Wednesday 23 November 2011

Submarine warfare: Touching photos without a bang

The boat - cover picture for the exhibition.

To 30 June shows that the German Navy Museum special exhibition "Das
Boot - The Photographs" with pictures of Lothar-Günther Buchheim.

Wilhelmshaven - "So - caught fresh from the water - see the six
children to the mercy of pathetic: kitsch pale, stubbly, barefoot, the
wet stuff on their skinny bodies." What Lothar-Guenther Buchheim, as a
young war correspondent on "U 96" monitors and was later described in
a book does, of the "Fascination submarine warfare" left absolutely
nothing.
A mine has caught the submarine, an air attack of the steel tube,
where the rest wounded. "U 96" has gotten such a miracle and does
nothing to the surviving shipwrecked comrades. Impressively Buchheim
has held the rescued Ubootfahrer on deck with his camera.
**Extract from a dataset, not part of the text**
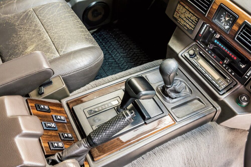 トランスミッションは4速。ATセレクターレバーの前方にトランスファーレバーが備わる。パワーウインドースイッチもセンターコンソールに集約されたデザインになる。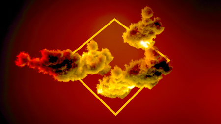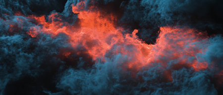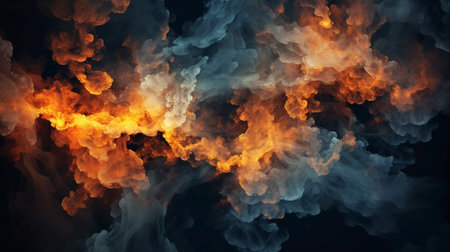Hot fire explosion with fantastic thick smoke on dark background for graphic design. abstract backdrop. glow effect. 3d rendering digital illustration

This black and white photos fail as the other shots of the new
exhibition "Das Boot - The Photographs" at the German Maritime Museum
(DMM), their effect on the viewer: you get under your skin, can
participate in one on the fate of men and often also shudder. Here,
the issue waived flashy effects, original exhibits, or the usual
models.

Buchheim's photographs, which were created during the seventh war
patrol of "U 96" in 1941, as well as quotes from his books appear all
to yourself. The narrowness of the submarines of the type VII C, the
vastness of the sea and sky, but especially the faces of the men
around the "old", Lieutenant-Commander Heinrich Lehmann-Willenbrock.
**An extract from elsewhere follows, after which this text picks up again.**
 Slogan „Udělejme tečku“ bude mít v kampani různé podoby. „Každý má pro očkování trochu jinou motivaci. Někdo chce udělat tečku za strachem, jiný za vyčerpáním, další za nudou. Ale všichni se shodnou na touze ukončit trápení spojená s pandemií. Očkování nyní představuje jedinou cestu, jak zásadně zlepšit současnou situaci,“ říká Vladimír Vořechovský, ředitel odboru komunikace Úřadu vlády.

Most visitors are already in 1973 published book home book "Das Boot"
or have the eponymous film (1981) by Wolfgang Petersen in memory.
Liked the book died in 2007, the home of more action-packed movie
version did not tell Dr. Clelia Segieth, curator of the Buchheim
Museum. He had been missing, especially the many "Gammel" scenes in
the book - hours and days of waiting on board, time in which nothing
happened, and with the men but all kinds hired.